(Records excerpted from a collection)
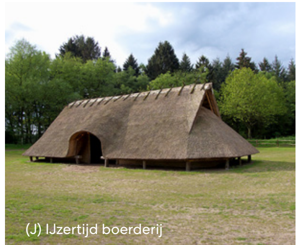
(J) IJzertijd boerderij
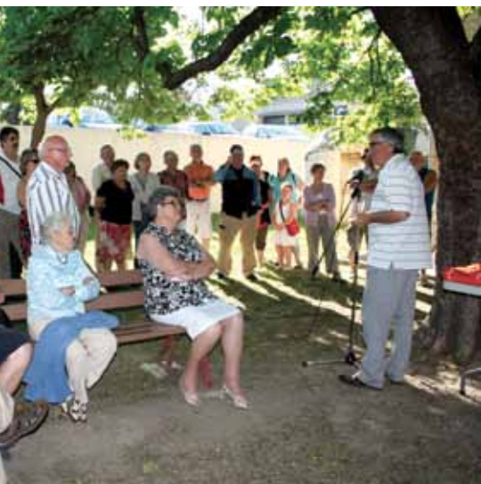
les nouveaux habitants accueilli par la municipalité, à la maison Sorbières

aux lettres des habitants concernés par chaque réunion. Nous espérons que vous viendrez nombreux, partager toutes les questions relatives à la vie de nos quartiers et discuter autour du verre de l'amitié. Les Élus essaieront de répondre à toutes vos questions, vos réflexions, vos demandes.
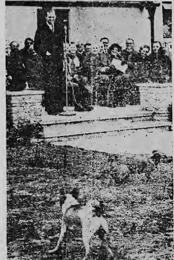
De officiële opening van een sportpark in Chester werd enige ogenblikken vertraagd, toen juist op het moment dat de Hertog van Edinburgh zijn rede zou beginnen twee honden de algemene aandacht trokken. Het sportpark zal morgen voor het eerst worden gebruikt voor kinderspelen en het draagt daarom de naam Kroningspark.

in het WILHELMINASTADION Koop VANDAAG nog een kaart in de voorverkoop en komt onze jongens aanmoedigen
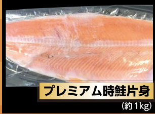
プレミアム時鮭片身 (約1kg)
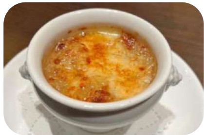
オニオングラタンスープ
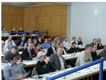
Ein X für ein U vormachen? Das kommt bei den Praktikern und Nutzern der Systeme nicht in die Tüte. Sie wollen genau wissen, was Sie in Zukunft bei der Telematik in Baumaschinen erwartet.
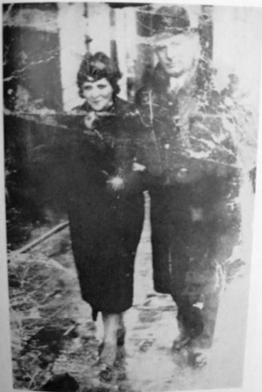
אחות של סאלווינת ינטיל הרטמאן ובעלה, ניסמו בביזאד'
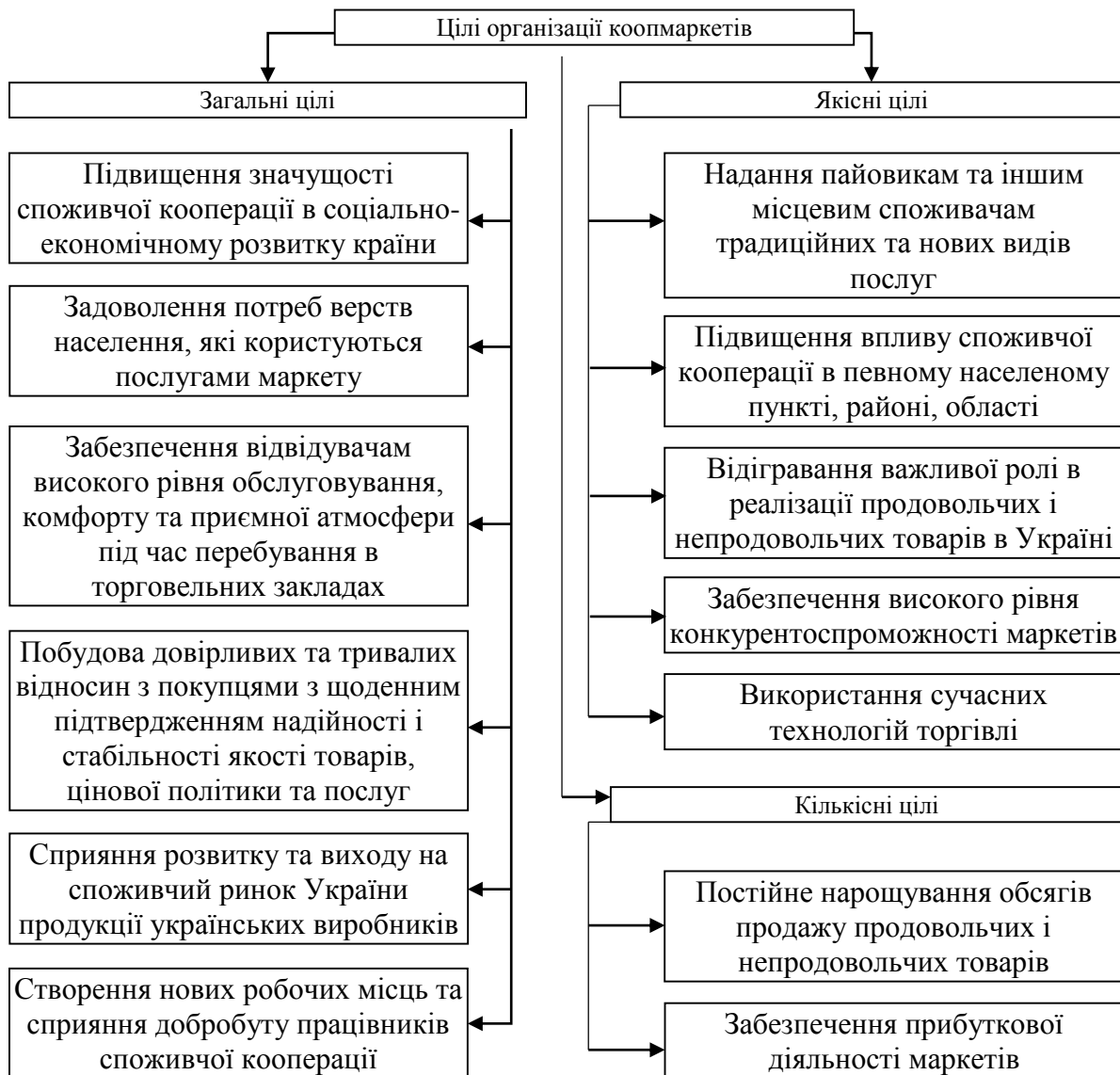
Рис. 1. Цілі організації коопмаркетів в Україні
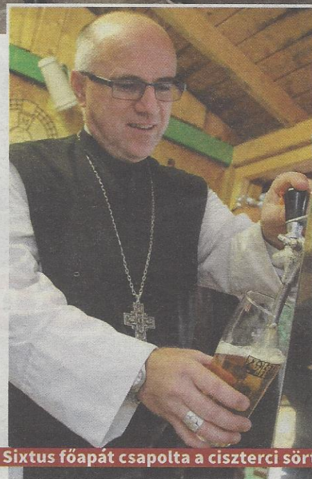
Sixtus főapát csapolta a ciszterci sört

– Jogásznak készültem, de ez lett belőlem. Mégpedig azért, mert már a
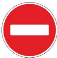
Знак 3.1 «Въезд запрещен»
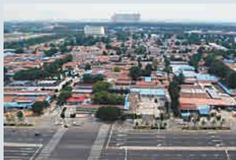
▲通州新城規劃的理念是「優化升級」。圖為通州市景 網絡圖片
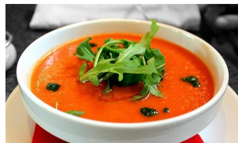
6. zupa pomidorowa –
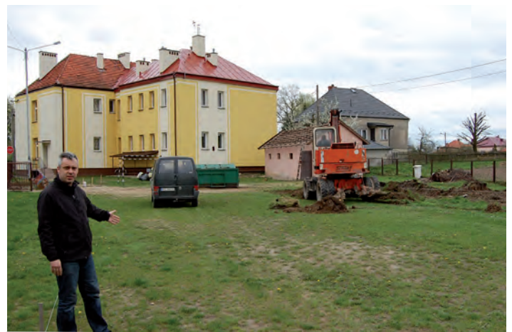
Przy szkole w Chodaczowie powstaje boisko
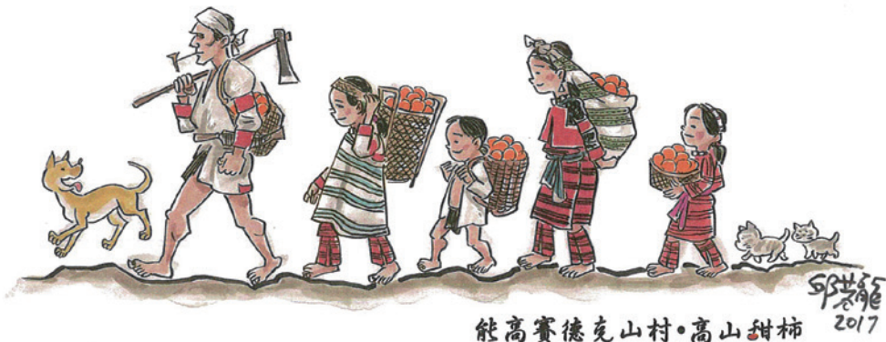
高山甜柿插畫卡。(繪圖/邱若龍)

三村六部落多數人口以全職或兼職方式從事農作生產，故農產品之市場價值及產銷方式影響部落經濟，而自發展綠色經濟之思維觀之，農業生產所用農法，亦應契合對環境友善之基
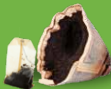
Marc de café, sachets de thé
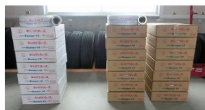
消防用ホース(県操法大会用21本) 34,560円×21本=725,760円
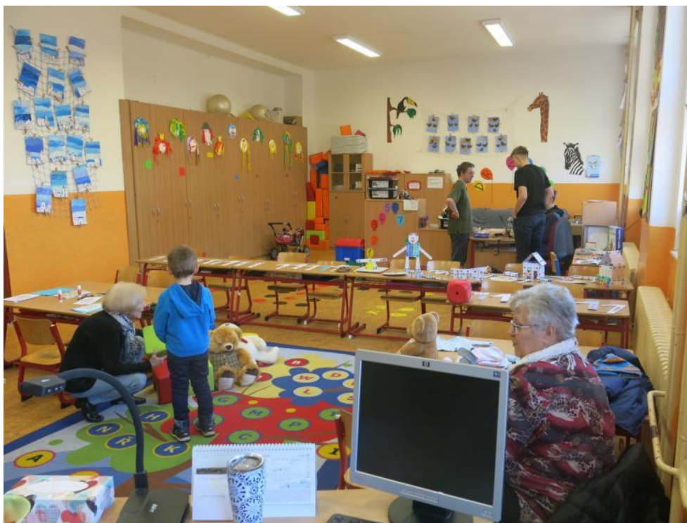
Den otevřených dveří pro rodiče budoucích prvňáčků
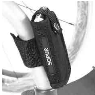
// LIF090010 Handytasche
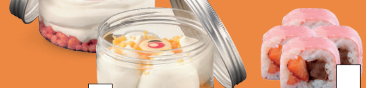
677 MANGO TANGO Semifreddo al mascarpone con crumble di biscotti e salsa al mango. € 5.00
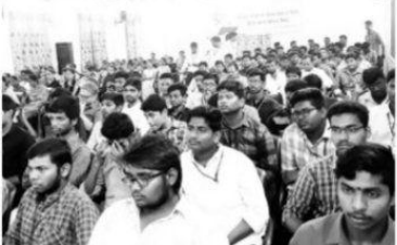
జాతీయ సదస్సులో పాల్గొన్న విద్యార్థులు
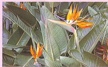
ゴクラクチョウカ
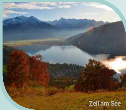
Zell am See
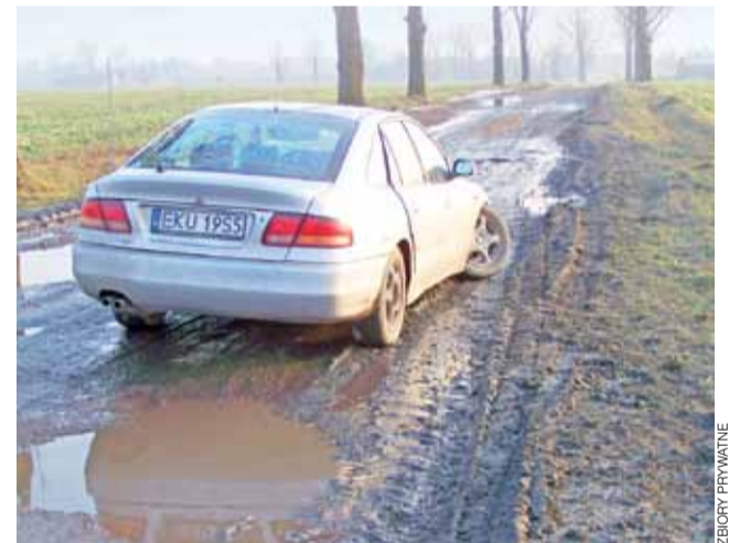
Droga powiatowa Gołędzkie-Pobórz jest w fatalnym stanie. W czwartek, 27 lutego, Przemysław Kowalski urwał koło od swojego samochodu, wcześniej Wiesław Korycki uszkodził miskę olejową.

– Jechałam tamtędy dwa tygodnie temu, wiem, jak droga wygląda i że wymaga gruntownego remontu, dlatego wyceniliśmy pracę na 400 tys. zł (wykonanie ok. kilometra w 2-3 odcinkach) – tłumaczy. – Cóż z tego, że gmina Oporów proponuje zrobienie parkingów? Przy potrzebach drogowych powiatu parkingi są nam na razie niepotrzebne. Na remonty wszystkich dróg w powiecie mamy 900 tys. zł. Równie zła jak droga w Gołędzkim są inne drogi jak np. Długoleka – Muchnice czy Strzegocin – Ktery. Którą wybrać drogę? Decyzje jeszcze nie zapadły, będziemy dyskutować na zarządzie. A może jedynym rozwiązaniem będzie nawiezienie
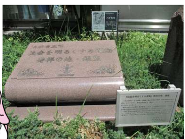
▲運動発祥の地 銀座に設置された記念碑
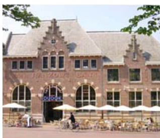
Bouwkundige ingreep hoofdentree
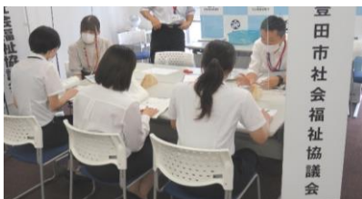
仕事相談ブースの様子
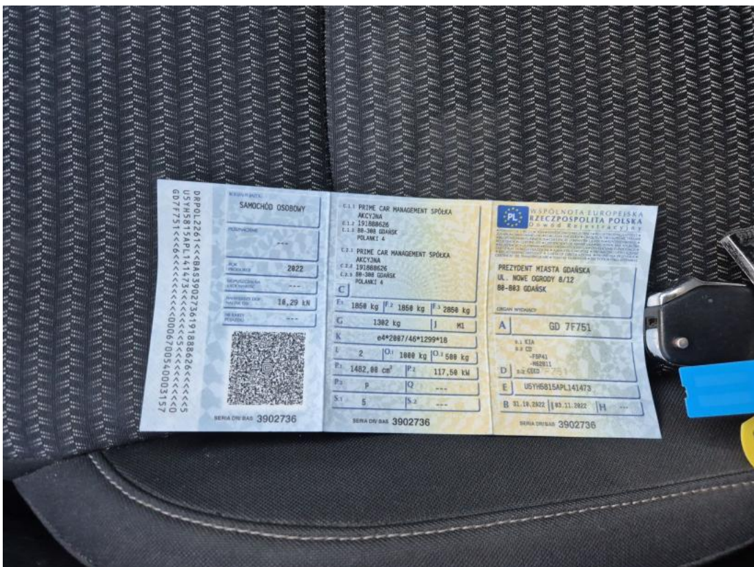
Fot. 28 Dowód rej. Str. 1
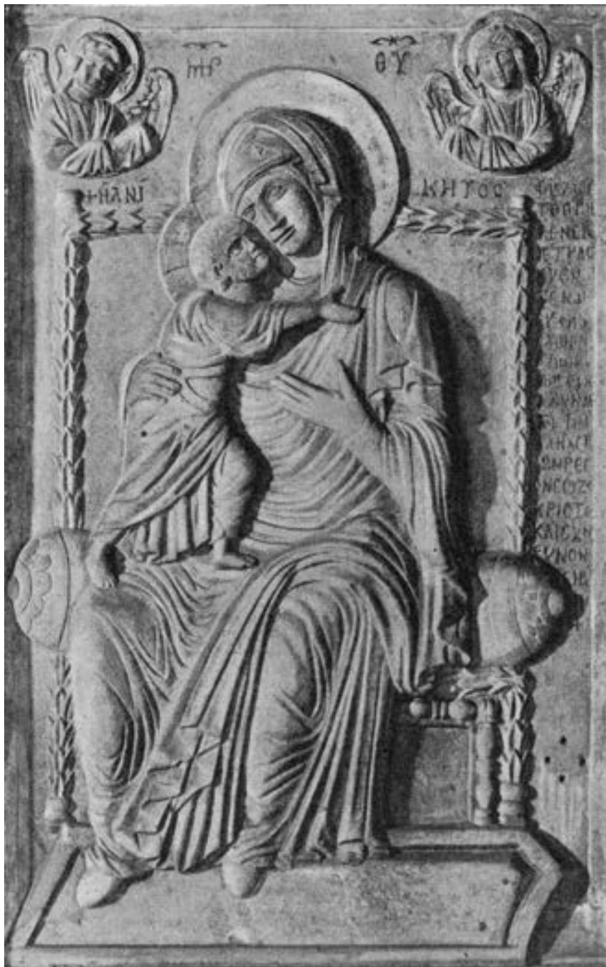
Богородица Непобедива, Свети Марко у Венецији, XIII век
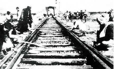
1945年秋，新四军破击津浦路徐州、固镇段。图为当地群众参加破坏铁路情形
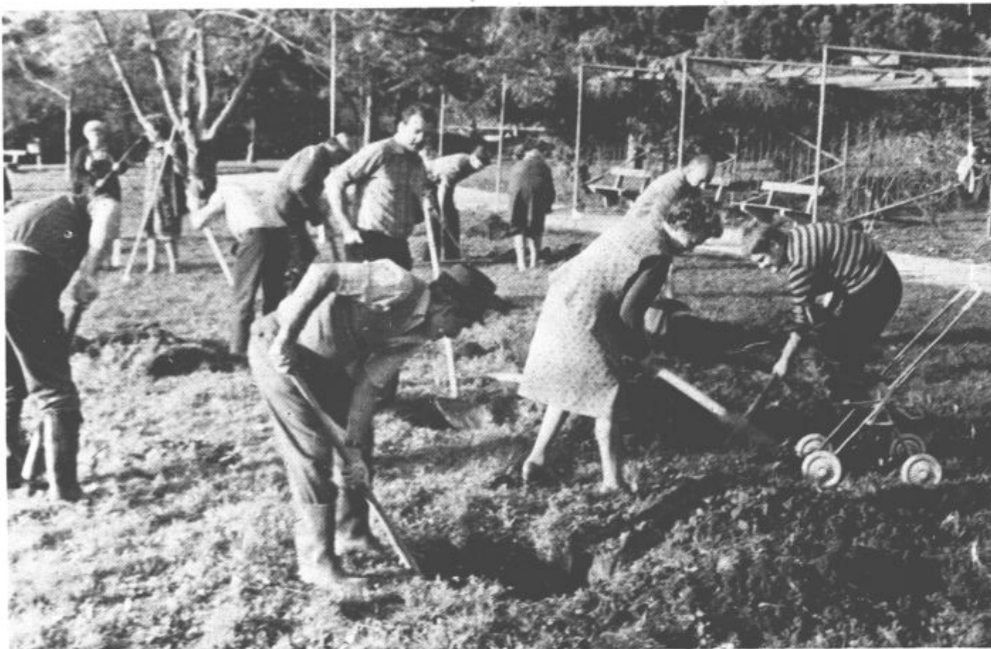
Krajani Stare vasi so se prejšnji četrtek v velikem številu zbrali v mestnem parku, da bi zasadili 88 dreves v spomin na tovariša Tita. Organizatorji so bili nad udeležbo presenečeni,

saj skorajda ni bilo gospodinjstva, ki ne bi imelo na prostovoljni delovni akciji predstavnika.
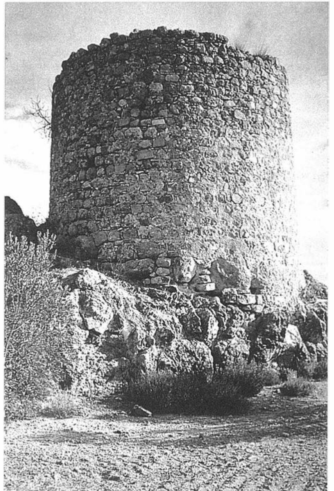
LAM. II. Torre Olvidada
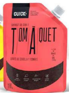
502011 Sofregit de ceba i tomàquet 6 X 160 GRs. CUICK 3,56 €/unit.

#### Your goal
From the records above, write out exactly the lines that begin at the line with "プレミアム時鮭片身 (約1kg)" and end at the line with "Droga powiatowa Gołędzkie-Pobórz". Pictures must not appear in the output.

#### Exercise response
プレミアム時鮭片身 (約1kg)
オニオングラタンスープ
Ein X für ein U vormachen? Das kommt bei den Praktikern und Nutzern der Systeme nicht in die Tüte. Sie wollen genau wissen, was Sie in Zukunft bei der Telematik in Baumaschinen erwartet.
אחות של סאלווינת ינטיל הרטמאן ובעלה, ניסמו בביזאד'
Рис. 1. Цілі організації коопмаркетів в Україні
Sixtus főapát csapolta a ciszterci sört

– Jogásznak készültem, de ez lett belőlem. Mégpedig azért, mert már a
Знак 3.1 «Въезд запрещен»
▲通州新城規劃的理念是「優化升級」。圖為通州市景 網絡圖片
6. zupa pomidorowa –
Przy szkole w Chodaczowie powstaje boisko
高山甜柿插畫卡。(繪圖/邱若龍)

三村六部落多數人口以全職或兼職方式從事農作生產，故農產品之市場價值及產銷方式影響部落經濟，而自發展綠色經濟之思維觀之，農業生產所用農法，亦應契合對環境友善之基
Marc de café, sachets de thé
消防用ホース(県操法大会用21本) 34,560円×21本=725,760円
Den otevřených dveří pro rodiče budoucích prvňáčků
// LIF090010 Handytasche
677 MANGO TANGO Semifreddo al mascarpone con crumble di biscotti e salsa al mango. € 5.00
జాతీయ సదస్సులో పాల్గొన్న విద్యార్థులు
ゴクラクチョウカ
Zell am See
Droga powiatowa Gołędzkie-Pobórz jest w fatalnym stanie. W czwartek, 27 lutego, Przemysław Kowalski urwał koło od swojego samochodu, wcześniej Wiesław Korycki uszkodził miskę olejową.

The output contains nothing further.